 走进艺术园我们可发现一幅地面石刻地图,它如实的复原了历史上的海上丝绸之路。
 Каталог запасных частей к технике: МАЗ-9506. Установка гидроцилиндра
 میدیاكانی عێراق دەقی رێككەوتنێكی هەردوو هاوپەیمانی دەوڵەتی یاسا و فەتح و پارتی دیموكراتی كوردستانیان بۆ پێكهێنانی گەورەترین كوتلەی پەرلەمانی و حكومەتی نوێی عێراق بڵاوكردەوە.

--

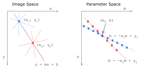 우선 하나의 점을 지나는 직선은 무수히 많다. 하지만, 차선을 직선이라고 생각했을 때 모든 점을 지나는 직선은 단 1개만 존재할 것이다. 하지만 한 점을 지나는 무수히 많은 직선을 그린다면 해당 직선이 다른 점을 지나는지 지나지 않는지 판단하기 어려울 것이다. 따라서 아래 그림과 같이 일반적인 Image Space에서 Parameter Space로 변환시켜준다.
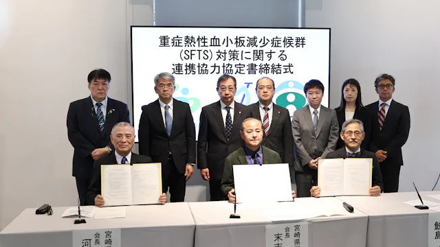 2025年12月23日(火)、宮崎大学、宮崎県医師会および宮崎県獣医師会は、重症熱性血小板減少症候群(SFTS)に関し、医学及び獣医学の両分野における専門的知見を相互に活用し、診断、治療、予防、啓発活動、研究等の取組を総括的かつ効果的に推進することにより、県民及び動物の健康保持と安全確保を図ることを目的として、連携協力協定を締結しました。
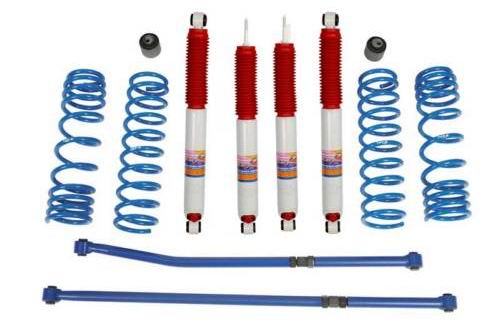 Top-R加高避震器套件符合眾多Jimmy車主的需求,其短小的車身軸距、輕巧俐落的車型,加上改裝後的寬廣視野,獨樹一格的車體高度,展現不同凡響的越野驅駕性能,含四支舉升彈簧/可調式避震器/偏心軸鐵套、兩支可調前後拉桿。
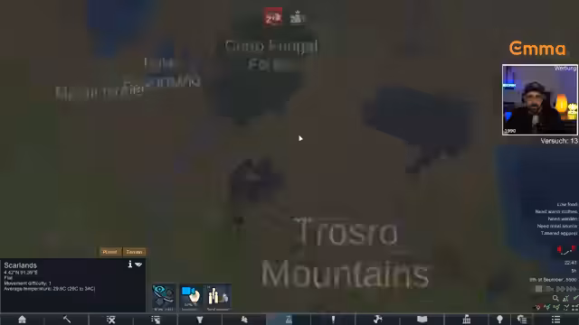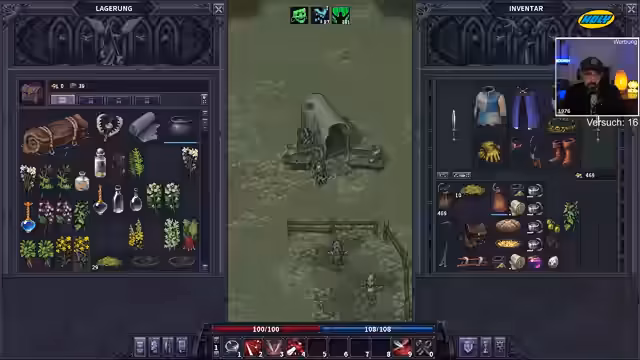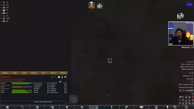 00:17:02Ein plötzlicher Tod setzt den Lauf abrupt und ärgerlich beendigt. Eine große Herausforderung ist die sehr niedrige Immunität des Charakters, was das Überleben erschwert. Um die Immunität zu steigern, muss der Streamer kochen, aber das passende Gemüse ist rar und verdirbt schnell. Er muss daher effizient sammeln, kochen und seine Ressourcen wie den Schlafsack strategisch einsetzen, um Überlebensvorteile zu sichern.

What this task involves :: All that should be printed is the run of lines above from the one with "Top-R加高避震器套件符合" through the one with "00:17:02Ein plötzlicher Tod", both included, exactly as given, with pictures left out.

Result of this exercise ::
 Top-R加高避震器套件符合眾多Jimmy車主的需求,其短小的車身軸距、輕巧俐落的車型,加上改裝後的寬廣視野,獨樹一格的車體高度,展現不同凡響的越野驅駕性能,含四支舉升彈簧/可調式避震器/偏心軸鐵套、兩支可調前後拉桿。
 00:17:02Ein plötzlicher Tod setzt den Lauf abrupt und ärgerlich beendigt. Eine große Herausforderung ist die sehr niedrige Immunität des Charakters, was das Überleben erschwert. Um die Immunität zu steigern, muss der Streamer kochen, aber das passende Gemüse ist rar und verdirbt schnell. Er muss daher effizient sammeln, kochen und seine Ressourcen wie den Schlafsack strategisch einsetzen, um Überlebensvorteile zu sichern.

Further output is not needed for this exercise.